The theoretical background which is needed for executing tasks and processes on image editing.

Two bits of Computational Photography: Bit Depth and Color Depth

How is digital information stored? -- and what is interesting for us, how is optical digital information specifically stored? We are going to think a bit mathematically, and please relax, because mathematical thinking is a simple kind of thinking.

Our arithmetical system is decimal. This means that it is based on the logic of ten. We represent 'none' with the symbol '0', calling it zero. If we want to depict one, we use the symbol '1'. Adding one more to one, we call it 'two' and write it down as '2'. And so on, we reach '9' and our ten symbols are over. If we want one more, to the '1' we add a '0'... and so we have 10. Quite smart, isn't it?

Then, guess what? Going down in the same fashion, 11 follows, 12 after that, ... and when the 2 digit phase has ended, we have accomplished 100 different numbers - from 0 to 99. Wow!

Then, guess what? The 3 digit phase starts, and by its end, we have accomplished 1000 different numbers - from 0 to 999. Going on in the same fashion, we can represent any number from 0 to infinity. Wow!

With 1 digit, we can depict 10 values. With 2 digits, we can depict 100 (10^2 = 10 X 10) values. With 3 digits, we can depict 1000 (10^3 = 10 X 10 X 10) values. Are you following me? Surely! So simple things they are! This is exactly the arithmetical system you use every day - this is the decimal system.

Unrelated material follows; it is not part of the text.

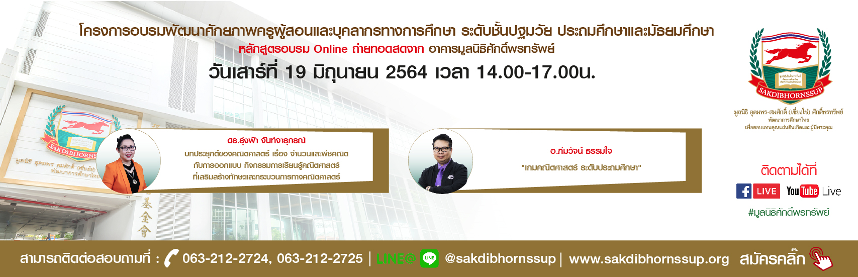 ประชาสัมพันธ์หลักสูตรวันที่ 19 มิถุนายน 2564

This is our human system. But what happens inside computers? Well, a computer is just a machine, "stupid" enough just to be capable of "perceiving" not 10, but 2 options only -- YES either NO. Why? Because the machine can only detect electricity. If it does detect it it says "yes", if not it says "no". So in a computer we can store information not in decimal mode but only in binary mode. Our human arithmetical system has 10 symbols, but a computer's system has 2 symbols: 0 and 1. That is what there is inside any digital device - numerous numbers, comprising of 0s and 1s. Just that. These two are the so-called bits: the smallest possible unit of information.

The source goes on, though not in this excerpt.